> [What you need to do] Return nothing but the lines from the one with "Cache sous moteur" through the one with "A confident woman" in the data below, word for word and without pictures.

> [Entries shown]
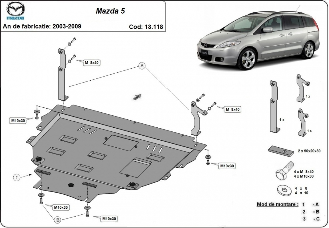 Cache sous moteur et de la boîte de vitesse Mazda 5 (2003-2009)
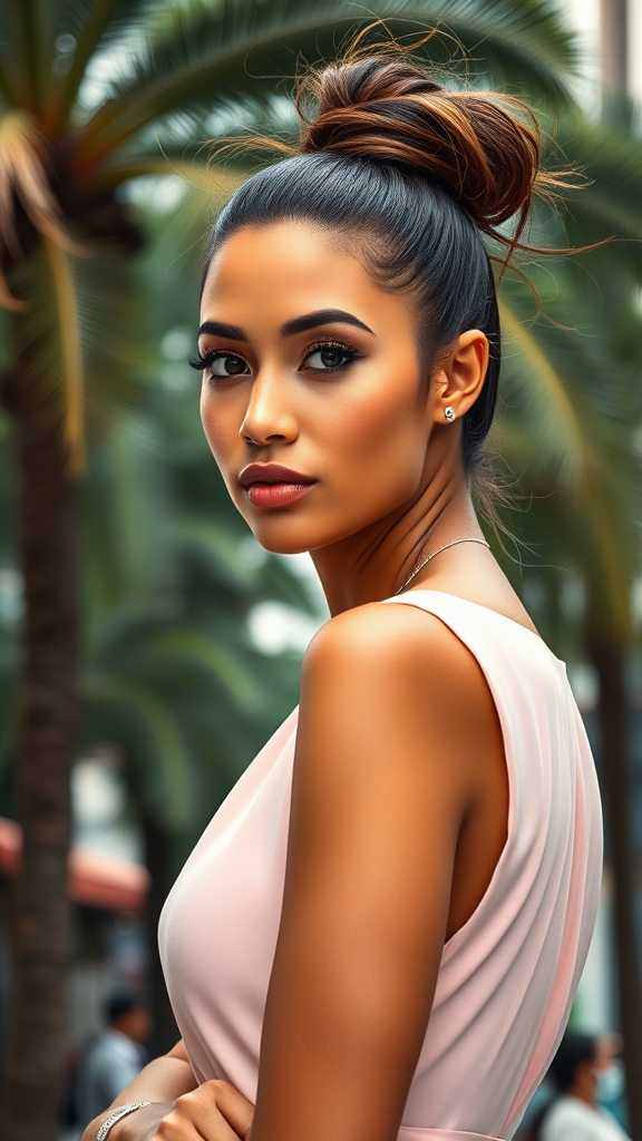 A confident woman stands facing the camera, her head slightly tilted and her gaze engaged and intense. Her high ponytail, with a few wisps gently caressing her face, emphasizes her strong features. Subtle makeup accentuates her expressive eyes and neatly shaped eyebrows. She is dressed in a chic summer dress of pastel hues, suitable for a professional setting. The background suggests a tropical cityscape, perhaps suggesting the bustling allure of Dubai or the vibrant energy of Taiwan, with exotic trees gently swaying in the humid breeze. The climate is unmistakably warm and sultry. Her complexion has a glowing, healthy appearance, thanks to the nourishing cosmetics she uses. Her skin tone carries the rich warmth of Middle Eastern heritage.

* * *

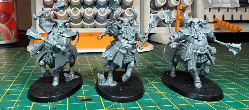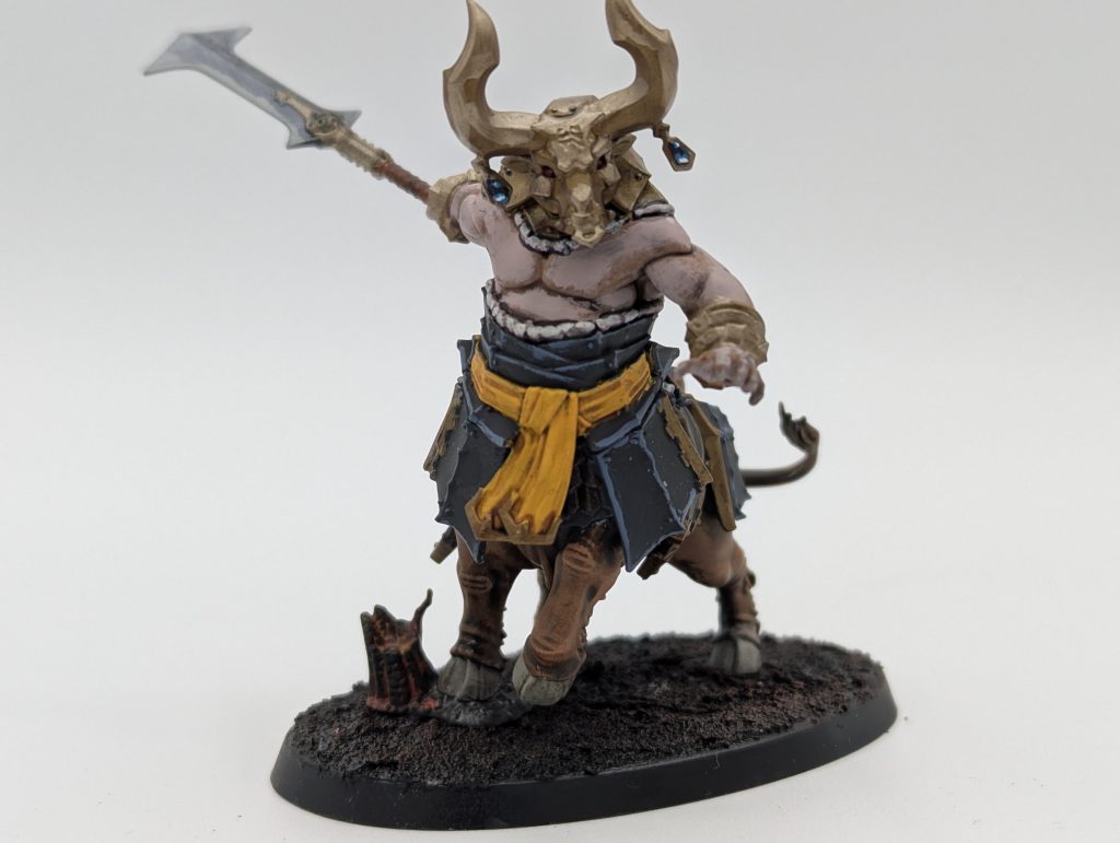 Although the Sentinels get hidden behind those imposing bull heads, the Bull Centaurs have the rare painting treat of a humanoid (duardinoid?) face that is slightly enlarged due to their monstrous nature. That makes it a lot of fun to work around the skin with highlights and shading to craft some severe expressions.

> [Result of the exercise]
 Cache sous moteur et de la boîte de vitesse Mazda 5 (2003-2009)
 A confident woman stands facing the camera, her head slightly tilted and her gaze engaged and intense. Her high ponytail, with a few wisps gently caressing her face, emphasizes her strong features. Subtle makeup accentuates her expressive eyes and neatly shaped eyebrows. She is dressed in a chic summer dress of pastel hues, suitable for a professional setting. The background suggests a tropical cityscape, perhaps suggesting the bustling allure of Dubai or the vibrant energy of Taiwan, with exotic trees gently swaying in the humid breeze. The climate is unmistakably warm and sultry. Her complexion has a glowing, healthy appearance, thanks to the nourishing cosmetics she uses. Her skin tone carries the rich warmth of Middle Eastern heritage.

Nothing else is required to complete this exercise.